We demonstrated a significant correlation between the delta base deficit and the calculated trauma scoring systems. Moreover, the delta base deficit is significantly correlated with mortality. The BISS performed better than the TRISS did when evaluated by the AUC of the receiver operating characteristic curves (AUC 0.806 vs. 0.803, respectively). Validation in an independent prospectively compiled dataset from another referral center showed comparable and even better results (AUC 0.891 vs. 0.885, respectively).

CONCLUSIONS

The performance of our proposed BISS model was superior to that of the TRISS model in the populations under investigation. Nevertheless, given the ease of assessment and the objective value of the base deficit, it may be considered as a good method to predict outcome and evaluate care of trauma patients.

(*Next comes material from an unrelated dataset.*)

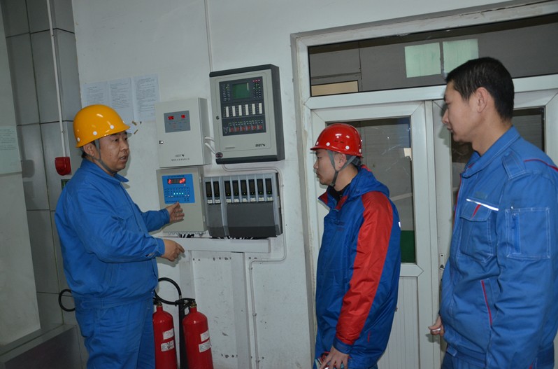 图为安环质量处处长助理郭立新(右)在为岗位职工讲解系统原理

Whether this can be translated to trauma patients in general needs further investigation.

摘要

背景

在全球范围内,碱缺失可作为酸碱平衡状态的客观指标。我们在一个类似创伤和损伤严重度评分(TRISS)的模型中,将碱缺失用作生理紊乱的衡量指标,以预测创伤患者的预后。

方法

我们前瞻性地记录了349例连续入住重症监护病房的创伤患者的数据,计算了修订创伤评分、损伤严重度评分和简明损伤定级标准,以及TRISS,并将它们与同时测定的碱缺失值进行关联。引入了碱缺失差值,即碱缺失与其正常范围(-2至2)的绝对差值。设计了一个类似于TRISS模型的统计模型,其中用碱缺失差值取代修订创伤评分所反映的生理紊乱[碱剩余损伤严重度评分(BISS)模型]。通过比较各自受试者工作特征曲线的曲线下面积(AUC)来对比这两个模型。最后,在另一家三级转诊医院的患者组中对BISS模型进行验证,该组患者的类似数据也是前瞻性记录的。

结果

我们证明了碱缺失差值与计算出的创伤评分系统之间存在显著相关性。此外,碱缺失差值与死亡率显著相关。当通过受试者工作特征曲线的AUC进行评估时,BISS的表现优于TRISS(AUC分别为0.806和0.803)。在另一个转诊中心独立前瞻性收集的数据集中进行验证,结果显示出相当且甚至更好的结果(AUC分别为0.891和0.885)。

结论

在研究人群中我们提出的BISS模型的表现优于TRISS模型。然而,鉴于碱缺失评估的简便性及其客观价值,它可被视为预测创伤患者预后和评估其治疗情况的一种良好方法。这是否能推广到所有创伤患者还需要进一步研究。